Digedag is an expertimental implementation of a SAGA based
workflow package.  It consists of four basic components:

  - API for programatically expressing workflows
  - parser for (abstract or concrete) workflow descriptions
  - workflow enactor (aka SAGA engine)
  - in-time workflow scheduler


Introduction:
-------------

  Workflows are not expressed programatically, at least not
  explicitely.  Instead, end users use graphical user interfaces
  to define graphs of depending operations, which, if executed
  in order, comprise the workflow.  In most cases, the
  transition from the GUI specification of the workflow to be
  executed, to the enacted workflow, includes a number of
  intermediate steps which translate the specified 'abstract'
  (*) workflow into a 'concrete' workflow, which specifically
  includes information about resources to be utilized etc.  Both
  abstract and concrete workflows are stored and/or communicated
  in data files of one format or the other (a wide variety of
  workflow description languages exist).  

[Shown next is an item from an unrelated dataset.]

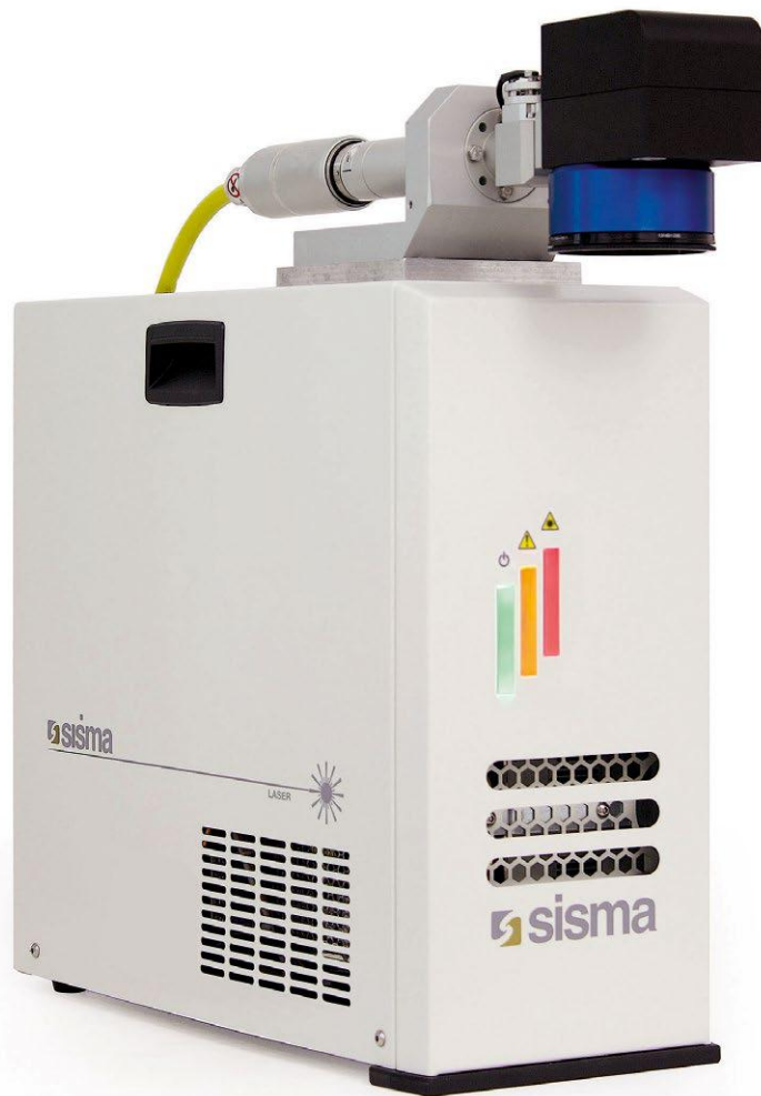
Laser marking system Laserbeschriftungssystem

  Once the workflow is specified and concretized, it can be
  'enacted', i.e. the individual tasks are submitted to the
  assigned concrete physical resources, and their execution and
  communication is orchestrated according to the specified
  workflow logic.  

  Digedag has a slightly different approach on the end-user side
  of the scheme: instead of specifying a workflow in a GUI,
  digedag provides an API to specify tasks, task dependencies,
  and inter-task communication - i.e. to specify workflows
  programatically.  

  Further, digedag includes a workflow scheduler, i.e. an entity
  which translates the thus specified abstract workflow into an
  internal concrete representation.  
  
  And finally, digedag includes a SAGA based workflow enactor,
  i.e. an entity which executes and orchestrates the workflow's
  execution in a distributed environment.

  In order to allow for integration of digedag with exising
  workflow environments, it also includes parsers which use the
  digedag workflow API to translate workflow transcriptions from
  several workflow transcription languages into digedag
  representations(**).


Digedags workflow API
---------------------

  Digedag allows to programatically express workflows.
  Basically, that statement translates well into: Digedag
  provides an API to specify Acyclic Directed Graphs (DAG).  The
  DAGs specified via that API consist of nodes and edges.
  A node can have multiple incoming and outgoing edges.  An edge
  has exactly one source node, and one target node.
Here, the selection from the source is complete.